You can withdraw consent at any time.
If I withdraw consent what happens to my current data?
Any processing based on your consent will cease upon the withdrawal of that consent. Your withdrawal will not affect any processing of personal data prior to your withdrawal of consent, or any processing which is not based on your consent.
Contact us at Sandra.email@example.com
Right to lodge a complaint
Can I lodge a complaint with the Data Protection Commission?
You can lodge a complaint with the Data Protection Commission in respect of any processing by or on behalf of DPCC of personal data relating to you.
How do I lodge a complaint?
Making a complaint is simple and free.

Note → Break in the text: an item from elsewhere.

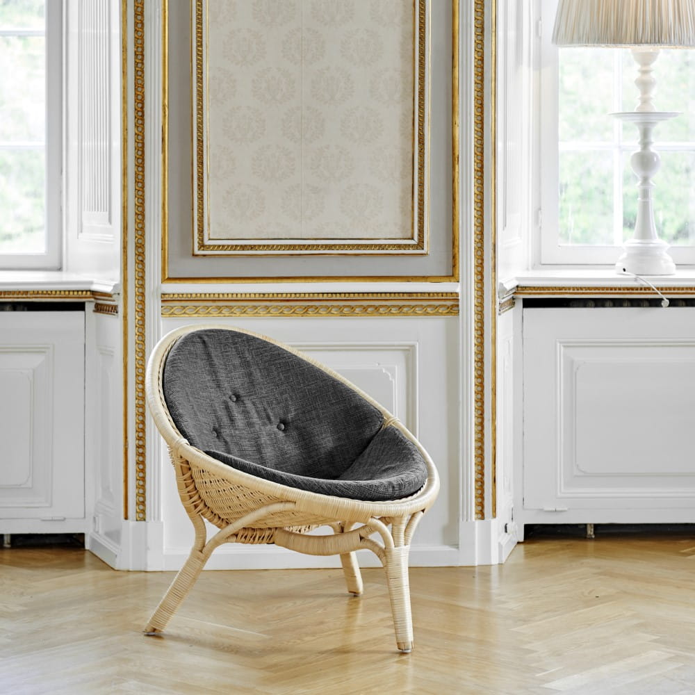 Bardzo wygodny fotel wykonany z doskonałej jakości rattanu (Manau) i taśmy rattanowej (Gold Dega Core). Fotel dostępny w naturalnym kolorze ratanu z poduszką w kolorze Dark Grey.

All you need to do is write to the Data Protection Commission giving details about the matter. You should clearly identify the organisation or individual you are complaining about. You should also outline the steps you have taken to have your concerns dealt with by the organisation, and what sort of response you received from them. Please also provide copies of any letters between you and the organisation, as well as supporting evidence/material.
What happens after I make the complaint?
The Data Protection Commission will then take the matter up with DPCC on your behalf.